Question: Why Debentures Are Issued?

How are debentures issued?

The procedure of issuing debentures by a company is similar to the one followed while issuing equity stocks.

The company starts by releasing a prospectus declaring the debenture issuance.

The company can issue debentures at a par, at a premium or at a discount as explained below.


What is Debenture example?

The definition of a debenture is a long-term bond issued by a company, or an unsecured loan that a company issues without a pledge of assets. An interest-bearing bond issued by a power company is an example of a debenture.

Is a debenture an asset?

The debenture is sometimes called a ‘floating charge debenture’ and includes all company assets. … The debenture secures the assets for the lender should the company fail and in liquidation, the charge becomes ‘fixed’ on the asset’s value at that point in time.

How many debentures can be issued?

A company cannot issue debentures to more than 500 people without appointing a debenture trustee, whose duty would be to protect the interest of Debenture Holders and redress their grievances.

Are debentures current liabilities?

Noncurrent liabilities include debentures, long-term loans, bonds payable, deferred tax liabilities, long-term lease obligations, and pension benefit obligations. The portion of a bond liability that will not be paid within the upcoming year is classified as a noncurrent liability.

What are the characteristics of debentures?

Characteristics of Debenture1.1 Written promise.1.2 Company Seal.1.3 Borrowed Funds.1.4 Maturity Period.1.5 Claim in Income.1.6 Priority Claim on Assets.1.7 No Controlling Power.1.8 Fixed Rate of Interest.More items…•

What are the disadvantages of debentures?

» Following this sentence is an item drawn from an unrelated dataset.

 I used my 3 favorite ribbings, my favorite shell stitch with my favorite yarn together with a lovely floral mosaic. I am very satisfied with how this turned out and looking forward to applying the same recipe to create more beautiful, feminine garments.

Following are the disadvantages of debentures: ADVERTISEMENTS: (a) Payment of interest on debenture is obligatory and hence it becomes burden if the company incurs loss. (b) Debentures are issued to trade on equity but too much dependence on debentures increases the financial risk of the company.

What is the maximum rate of discount for issuing debentures?

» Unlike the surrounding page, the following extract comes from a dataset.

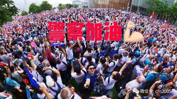 由立法会议员何君尧和香港政研会主办的“撑警察、保法治、护安宁”撑警集会于30日下午在香港金钟添马公园举行。大会宣布共有约16.5万人出席。警方则表示,最高峰有5万3千人参加。另据央视新闻联播报道,在网络上举办的“支持香港警察”等活动网上点赞人数也已超过100万。

10%However, shares can be issued at discount in accordance with the provisions of Section 79 of The Companies Act, 1956 which stipulates that the rate of discount must not exceed 10% of the face value while debentures can be issued at any rate of discount.

What is face value of debenture?

Face value is a financial term used to describe the nominal or dollar value of a security, as stated by its issuer. For stocks, the face value is the original cost of the stock, as listed on the certificate. … The face value for bonds is often referred to as “par value” or simply “par.”

How do you calculate debenture issue?

(i) Issue of Debentures at Par: Debentures are said to be issued at par when the amount collected for it is equal to the nominal value (face value) of the debentures; for example, issue of Rs. 1,000 debenture for Rs. 1,000.

What are the purpose of issuing debentures?

The loan is issued to corporates based on their reputation at a fixed rate of interest. Debentures are also known as a bond which serves as an IOU between issuers and purchaser. Companies use debentures when they need to borrow the money at a fixed rate of interest for its expansion.

Why debentures are issued at discount?

Unlike shares, a company can issue debentures at a discount which is called “Debentures issued at Discount”. Giving debentures at a discount increases the capital of the company with respect to the less increase in the Cash for it.

Is debenture a loan?

In the United States, a debenture is a loan that is backed by the full faith and credit of the issuer. This means that, in the US at least, a debenture is a type of Unsecured Loan, with the high creditworthiness of the borrower prompting the lender to make the loan.

What is Debenture simple words?

A debenture is a type of bond or other debt instrument that is unsecured by collateral. Since debentures have no collateral backing, debentures must rely on the creditworthiness and reputation of the issuer for support. Both corporations and governments frequently issue debentures to raise capital or funds.

What are debentures risk factors?

The credit risk is the risk that the investor’s interest and/or capital are not repaid by the borrower. … Factors that affect the credit risk include the ranking of the debt in terms of repayment upon liquidation of the company, purposes the investors’ funds will be used for, and financial strength of the company.

What is difference between debentures and shares?

Shares and debentures both are ways to raise capital however debentures are borrowed capital whereas shares are a portion of the company’s capital itself.

What are 3 types of debentures issued by company describe in detail?

Types of DebenturesRedeemable and Irredeemable (Perpetual) Debentures.Convertible and Non-Convertible Debentures.Fully and Partly Convertible Debentures.Secured (Mortgage) and Unsecured (Naked) Debentures.First Mortgaged and Second Mortgaged Debentures.Registered Unregistered Debentures (Bearer) Debenture.More items…•

Are debentures safe?

In fact, since 1999, the company virtually stopped paying interest on the secured debentures issued by it. … Hence, the moral of the story is that, an investor should not be misled by the fact that when a debenture is secured against the assets of the company means it is a safe and secure investment.